This method is the second step of the remapping process. The remapping process works in three phases :

Set remapping options appropriately
The computation of remapping matrix
Apply the matrix vector multiply to obtain the result of the remapping

This method performs the second step (computation of remapping matrix) which may be CPU-time consuming. This phase is also the most critical (where the most tricky algorithm) in the remapping process. Strictly speaking to perform the computation of the remapping matrix the field templates source-side and target-side is required (which is the case of MEDCouplingRemapper::prepareEx). So this method is less precise but a more user friendly way to compute a remapping matrix.

Parameters

[in]	srcMesh	the source mesh
[in]	targetMesh	the target mesh
[in]	method	A string obtained by aggregation of the spatial discretisation string representation of source field and target field. The string representation is those returned by MEDCouplingFieldDiscretization::getStringRepr. Example : "P0" is for cell discretization. "P1" is for node discretization. So "P0P1" for method parameter means from a source cell field (lying on srcMesh) to a target node field (lying on targetMesh).

See Also: MEDCouplingRemapper::prepareEx

References INTERP_KERNEL::InterpolationOptions::CheckAndSplitInterpolationMethod(), MEDCoupling::MEDCouplingFieldDiscretization::GetTypeOfFieldFromStringRepr(), MEDCoupling::MEDCouplingFieldTemplate::New(), prepareEx(), and MEDCoupling::MEDCouplingField::setMesh().

int MEDCouplingRemapper::prepareEx	(	const MEDCouplingFieldTemplate *	src,
		const MEDCouplingFieldTemplate *	target
	)

This method is the generalization of MEDCouplingRemapper::prepare. Indeed, MEDCouplingFieldTemplate instances gives all required information to compute the remapping matrix.

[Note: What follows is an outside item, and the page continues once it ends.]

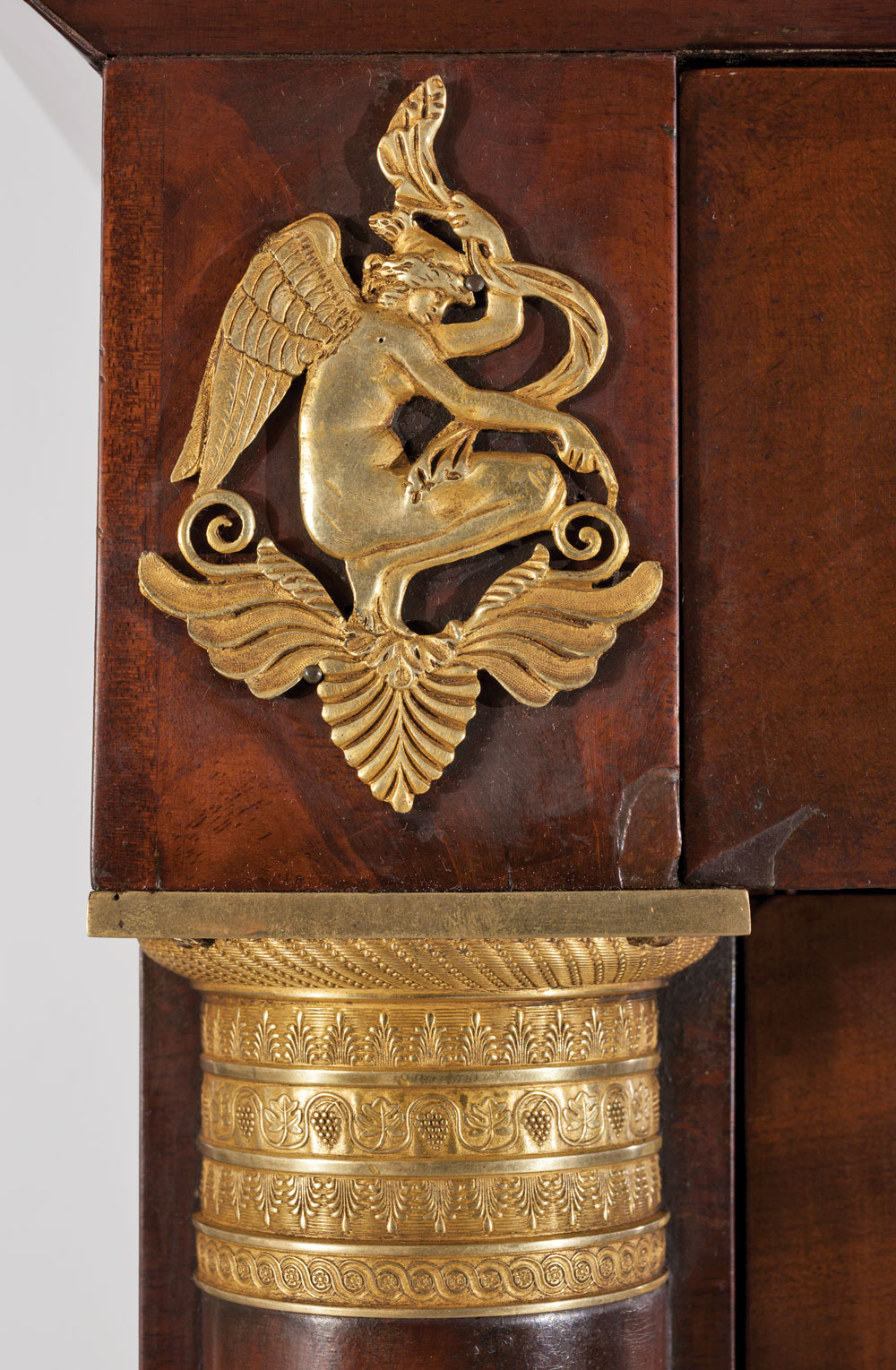 The secretary, now a gift to Historic New England, was probably commissioned soon after Appleton’s marriage in 1819 to Mary Lekain Gore, a widow twenty-three years younger. Examination by Robert Mussey and Clark Pearce has determined it was made by the firm of Isaac Vose and Joshua Coates, who also made furniture for Samuel’s brother, Nathan, at about the same time. Its discovery suggests the provenance of another piece attributed to that firm should be reconsidered: the pier table with its handsome specimen marble top in the Kaufman collection in the National Gallery in Washington (Fig. 4). Because that table was found in the house of Nathan Appleton’s daughter, Mrs. Greely Curtis, it was assumed she had inherited it from her father. But could it have belonged to Samuel instead and then given to his niece by Mary Appleton at some point as well? The curved shape of the base and the paw feet of the pier table depicted in the Edouart silhouette and, most significantly, the identical winged nymph mounts on Samuel’s secretary (Fig. 5) add credence to this conjecture. Perhaps one day another bit of serendipity will provide the answer.

This method must be used instead of MEDCouplingRemapper::prepare if Gauss point to Gauss point must be applied.

Parameters

[in]	src	is the field template source side.
[in]	target	is the field template target side.

See Also: MEDCouplingRemapper::prepare

References MEDCoupling::MEDCouplingField::getMesh().

Referenced by prepare().

void MEDCouplingRemapper::transfer	(	const MEDCouplingFieldDouble *	srcField,
		MEDCouplingFieldDouble *	targetField,
		double	dftValue
	)

This method performs the operation source to target using matrix computed in MEDCoupling::MEDCouplingRemapper::prepare method. If meshes of srcField and targetField do not match exactly those given into prepare method an exception will be thrown.

Parameters

[in]	srcField	is the source field from which the interpolation will be done. The mesh into srcField should be the same than those specified on MEDCoupling::MEDCouplingRemapper::prepare.
	[in/out]	targetField the destination field with the allocated array in which all tuples will be overwritten.
[in]	dftValue	is the value that will be assigned in the targetField to each entity of target mesh (entity depending on the method selected on prepare invocation) that is not intercepted by any entity of source mesh. For example in "P0P0" case (cell-cell) if a cell in target mesh is not overlapped by any source cell the dftValue value will be attached on that cell in the returned targetField. In some cases a target cell not intercepted by any source cell is a bug so in this case it is advised to set a huge value (1e300 for example) to dftValue to quickly point to the problem. But for users doing parallelism a target cell can be intercepted by a source cell on a different process. In this case 0. assigned to dftValue is more appropriate.

See Also: transferField

Referenced by transferField().

void MEDCouplingRemapper::partialTransfer	(	const MEDCouplingFieldDouble *	srcField,
		MEDCouplingFieldDouble *	targetField
	)

This method is equivalent to MEDCoupling::MEDCouplingRemapper::transfer except that here targetField is a in/out parameter. If an entity (cell for example) in targetField is not fetched by any entity (cell for example) of srcField, the value in targetField is let unchanged. This method requires that targetField was fully defined and allocated. If the array is not allocated an exception will be thrown.

Parameters

[in]	srcField	is the source field from which the interpolation will be done. The mesh into srcField should be the same than those specified on MEDCoupling::MEDCouplingRemapper::prepare.
[in,out]	targetField	the destination field with the allocated array in which only tuples whose entities are fetched by interpolation will be overwritten only.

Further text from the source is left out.